论文代写价格-金纳米粒子。金纳米粒子由于其原子质量的提高而吸收了更多的辐射。这是与软组织细胞在处理过程中不能吸收大量辐射的能力相比较的。因此，根据Hainfeld et al.(2013)，使用金纳米颗粒治疗肿瘤和癌症可以增加辐射剂量。在纳米技术的背景下，它涉及到在纳米尺度上设计和赋予粒子形状和结构的过程。这已被评估，以加强在人体靶区传递药物的过程。论文范文论文代写价格-金纳米粒子分享给留学生阅读。
Nanoparticles have been developed, as it possesses positive impact on the treatment process. It is seen that gold nanoparticles are seen to absorb increased amount of radiation due to their enhanced atomic mass. This is in comparison to the capability of soft tissue cells that are not able to absorb extensive amount of radiation, in the form of treatment process. Thus, as per Hainfeld et al. (2013), increase in the dose of radiation is possible using the gold nanoparticles for treating tumors and cancers. In context of nanotechnology, it involves the process of designing and giving a shape and structure to a particle based on the nanometer scale.
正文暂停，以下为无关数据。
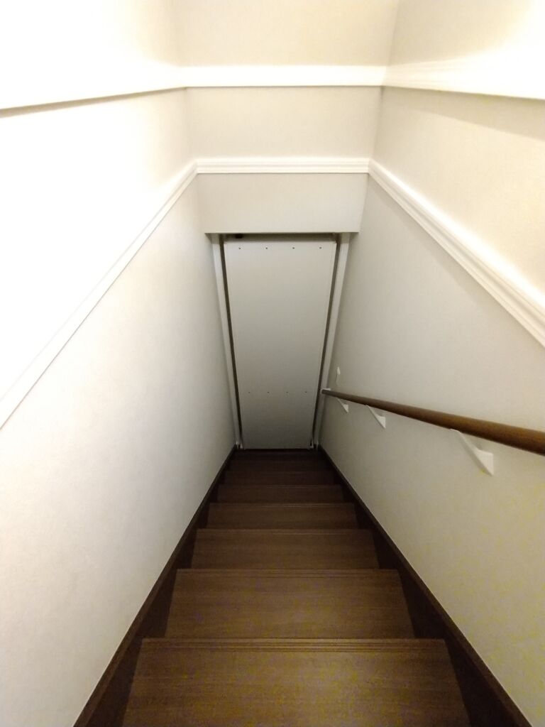寝室の飾り棚の奥に、小屋裏への階段が隠されています🤗
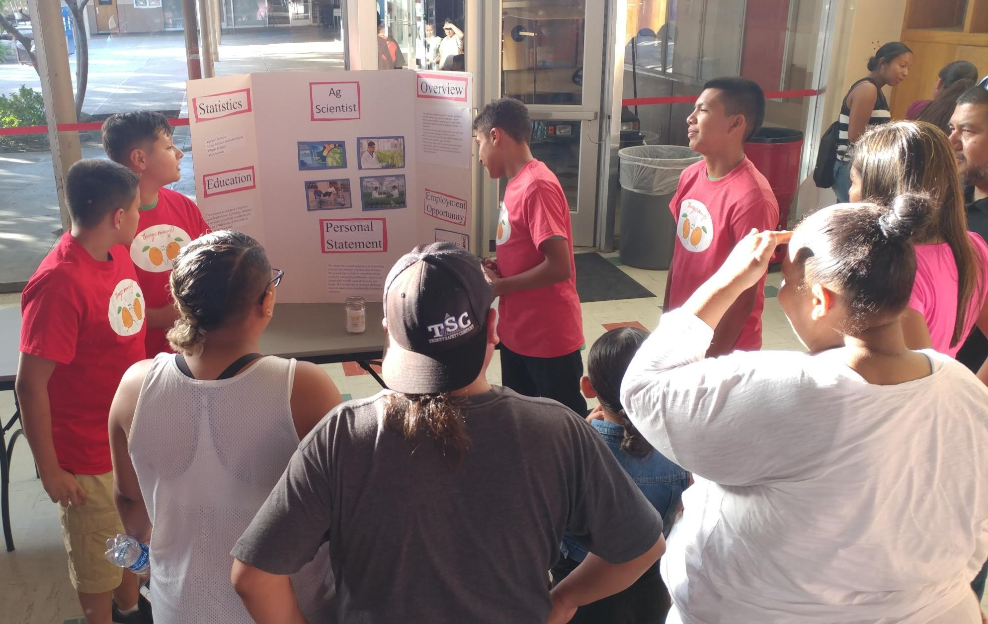 Students presenting career research project to family and friends
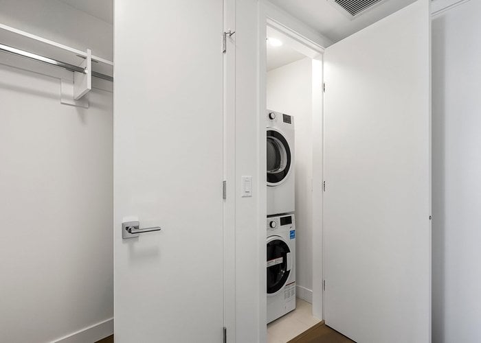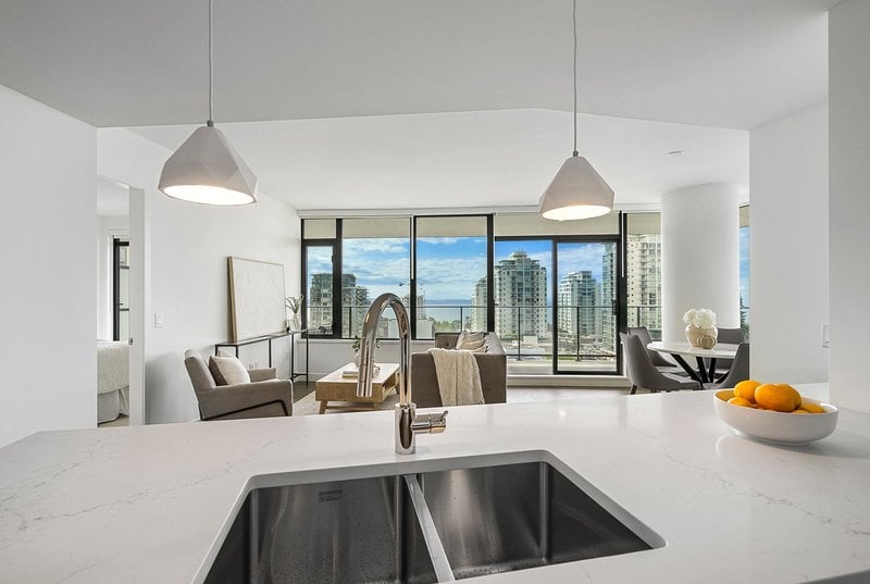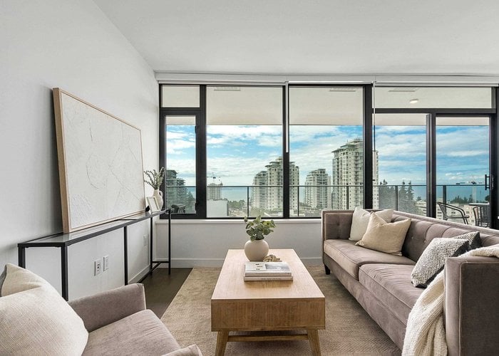 Brand new home exudes elegance and sophistication in the bustling heart of White Rock. This south- west corner 975 sf, 2 bdrm + den, 2 bath residence, with expansive 433 sf wrap-around balcony, boasts breathtaking 11th floor panoramic ocean and Gulf Island views. It showcases bright, open layouts, over-height ceilings, elegant finishes, air-conditioning and custom roller blinds. The modern kitchen features sleek, soft-close cabinetry, panelled Bosch stainless steel appliance package and a polished quartz, waterfall edge island, complemented by a contemporary color scheme and warm under-cabinet lighting. King-sized master bedroom has ensuite with quartz countertops, dual sinks and Grohe plumbing fixtures. Includes gas hook-up for BBQ, an EV-ready parking stall and storage locker.
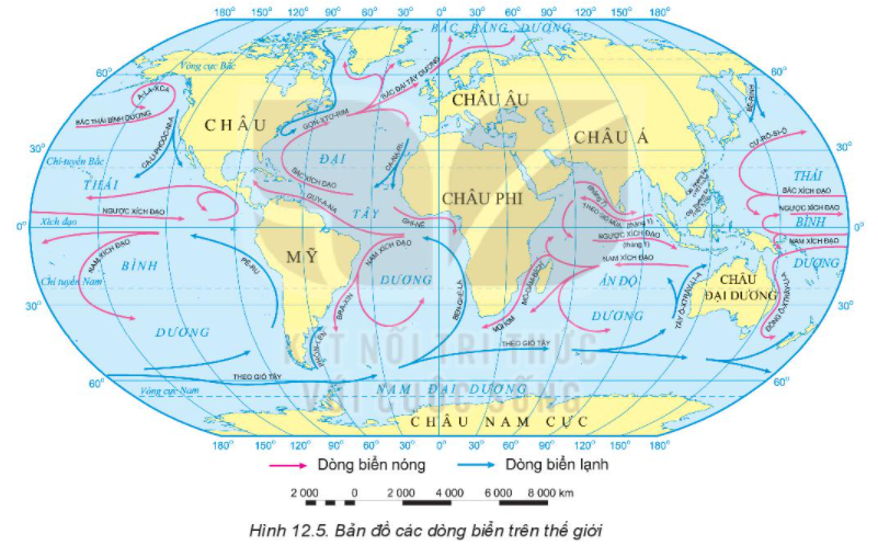 Đọc thông tin trong mục c(Dòng biển) và quan sát hình 12.5 (Chú ý dòng biển nóng được kí hiệu bằng đường mũi tên màu đỏ, dòng biển lạnh được kí hiệu bằng đường mũi tên màu xanh).
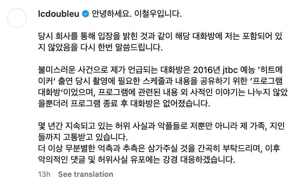 Burning Sun事件爆发后,娱乐圈的阴影逐渐扩大,李哲宇的名字也不幸被卷入其中。一时间,各种猜测、指责和谩骂铺天盖地而来,让他陷入了前所未有的困境。但面对这一切,李哲宇没有选择沉默,而是勇敢地站出来,为自己辩护。
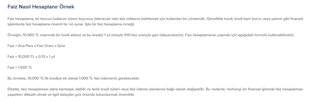 📌 Faiz Hesaplama Formülü

This has been evaluated to enhance the process of delivery of drugs in target areas of human body. In the study of Maeda, Nakamura & Fang, (2013), it is seen that a 5-nm gold nanoparticle has been used that was bind to cetuximab, covalently, along with gemcitabine for drug delivery in treating pancreatic cancer. In the process of treating cancer cells without causing damage to the normal healthy cells, gold nanoparticles need to be coated with an antibody that is able to attach to the target cancer cell. From the viewpoint of Alhasan et al. (2012), in cancer therapy the size of gold nanoparticles ranges about 130 nm in diameter that is PEG coated. This is justified by the fact that particles ranging within the nano size particularly gold particles are observed to be used for treating cancer based on the EPR effect.
Effect of gold nanoparticles during cancer treatment is estimated based on the colour and the distance. As supported by Boman, (2010), gold nanoparticles are not toxic that enhances its use in the treatment process.